Distance: 52.9 km
Time: 2 hours 28 minutes
Speed: 21.5 km/h
Ascent: 123 metres
Total distance: 2146.4 km
Total time: 114 hours 43 minutes
Wordle scores: Captain 3, Stoker 5
Word of the day: “piana” (pee-ah-nah) – flat, level ground
The Stoker writes:
Trebisacce was a cheerful little place, spread out along the sea front, which was full of little beaches and bars. We headed out for dinner at our usual 7pm, thinking to eat in the restaurant of our hotel, which already had its pizza oven lit and ready.
Or so we thought – not open until 8pm, they said, but we could sit and have a drink until then. The Captain ordered a beer, and I asked for prosecco. No prosecco. Which seemed slightly odd. Not only that, on further interrogation there was no wine, of any colour. NO WINE!! In a restaurant in Italy! After alcohol-free day yesterday, that was not going to work, so we headed into town to find a restaurant which did have wine 😁. We located a nice-looking candidate, and asked the lady sweeping the outside terrace if we could have a table. Too early there too – evidently no-one eats before eight in Trebisacce! A drink in a beach-side bar later, it was definitely past eight, and we returned, to be well fed, and to enjoy a bottle of Calabrian wine, made from the Gaglioppo grape.

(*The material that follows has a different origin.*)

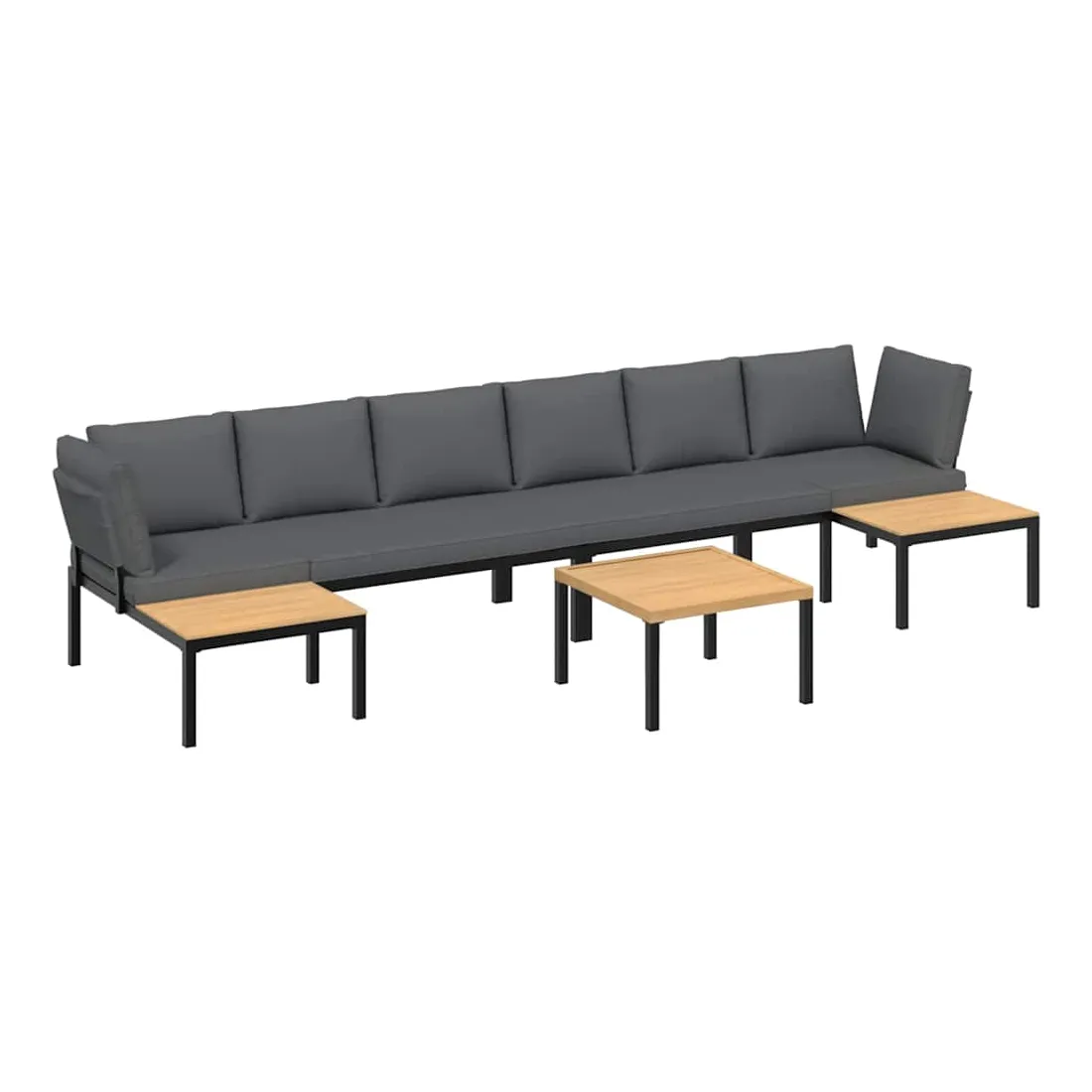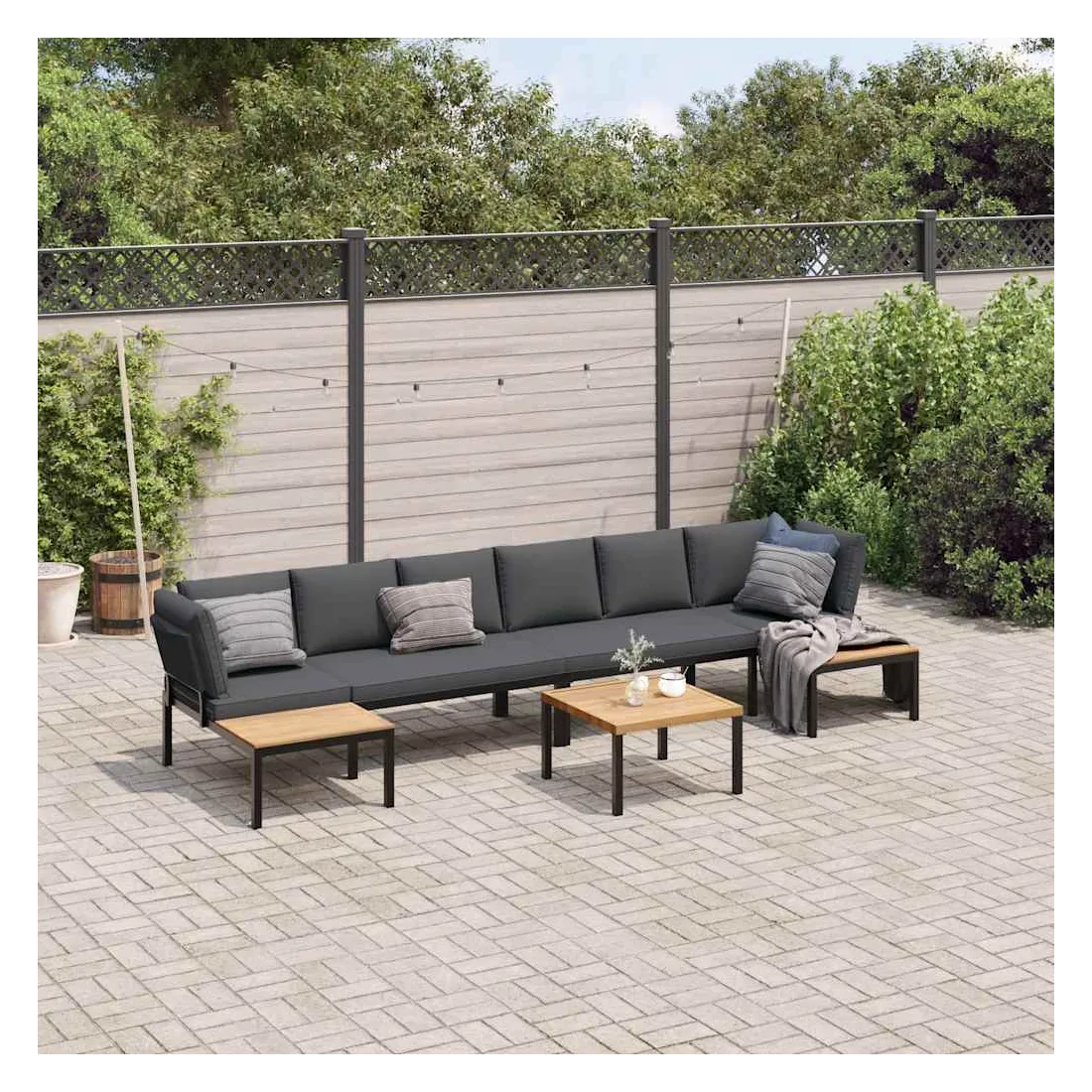 Cet ensemble de canapés de jardin est le complément parfait de votre arrière-cour, terrasse ou patio, offrant un espace confortable et accueillant pour discuter avec la famille et les amis ou simplement se détendre et profiter de l'extérieur. Durable et robuste : l'ensemble de canapés d'extérieur est fabriqué en aluminium, ce qui le rend résistant et durable.Dessus robuste : le dessus robuste de la table de patio est idéal pour placer vos boissons ou tout autre article dont vous avez besoin à portée de main.Expérience d'assise confortable : ce mobilier d'extérieur, doté de coussins épais, offre une expérience d'assise confortable. Housse amovible et lavable : ces coussins de siège sont dotés de housses amovibles pour un lavage et un entretien faciles.Conception modulaire : cet ensemble de meubles d'extérieur a une conception modulaire, ce qui le rend complètement flexible et facile à déplacer, afin que vous puissiez créer un agencement de meubles d'extérieur personnalisé. Bon à savoir :Pour que vos meubles d'extérieur restent beaux, nous vous recommandons de les protéger avec une housse imperméable.

The proprietor of the restaurant was an exponent of the quirky Italian method of storing your (usually reading) glasses when you don’t need them. They do it like this:
On their eyebrows! We were made aware of this phenomenon by Ned Boulting and Matt Stephens in the excellent “Never Strays Far” cycling podcast, when they were covering the Giro d’Italia cycle race in May this year. They talked about the ‘Italian man with glasses on eyebrows’ trend, and sure enough, I saw my first example at Trieste airport, and many more since. It’s surprisingly difficult, I can’t seem to do it, and it’s way less prevalent amongst the women.
Anyway, I digress!
This morning dawned fine and clear, as we have come to expect, and we took breakfast in the hotel, entertained hugely by a full-volume shouty argument in the kitchen between the husband and wife who owned it! Italians seem very happy to conduct all their business in the public eye, we tried not to be all British and embarrassed by it, no-one else was!
We were on the road by 10am, initially along the lungomare, the road next to the sea, and then turning inland slightly to pick up the lesser of the two SS106 roads. Ours must have been the old road, before the new one was built further inland still, and we were squeezed in between the railway and what must have been its own previous track. There were a few old bridges going nowhere.
At Trebisacce we’d been hemmed in by mountains, and able to see them curving round the next bay towards today’s destination of Mirto Crosia. They were a constant presence on our right today, but we knew our route was completely flat, staying well within their curving embrace.
As we pedalled along, the Captain noticed two familiar figures up ahead. “Good morning Switzerland”, he called out as we passed them – it was our friends from yesterday. They must have been up early today, as they were stopping for the night yesterday at the place where we all had a water stop, which was at least thirty kilometres from Trebisacce. They looked very cheerful. I wondered how they’d coped with the closed road, as they were also using Komoot to navigate.
We passed a tower…
… and some palm trees…
… but to be honest it was not a great day for scenery. We rode through a long section of industrial zones, and there was no shade really in which we could stop and take the first hour drink. A little shopping area hoved into view, with a MacDonalds. Needs must, so we pulled in, and drank them out of fizzy water. Literally. We had to have one ‘naturale’!
Back on the road, and we sweated on along the SS106 radd (no idea what the ‘radd’ part means), riding in a wide margin on the right just like a cycle path.
We were making good time, and our host in Mirto Crosia had told us we could be in the apartment any time after noon, which was very generous. We arrived ten minutes early, and sat in the shade to wait for him. He arrived all smiles with his two sons, and asked to take our picture outside the building. As often with the more southerly parts of Italy he was very happy that we could conduct our check-in in Italian!
He explained that the apartment was new, he had only opened the building in mid-July this year, having renovated it from an old flour mill to host an initial four apartments. It’s absolutely gorgeous, beautifully decorated, cool, and quiet despite being by the side of the SS106! There was a bottle of prosecco, some milk and water in the fridge, and he’d picked some figs from his tree that morning for us. They were a lovely family, so charming and welcoming. One of the sons is a lifeguard at the beach, and our host is going to pick us up tomorrow to take us there so we don’t have to ride there on the tandem. What a star – we’ve been very lucky in our hosts.
He also took some photos of us with his sons, who were very tolerant of our sweaty state!
We’re taking a rest day tomorrow, after a quite gruelling block of six days since Gallipoli. Everything is lining up well for our crossing to the Tyrrhenian coast in a few days, when we get to the thinnest part of Italy’s foot.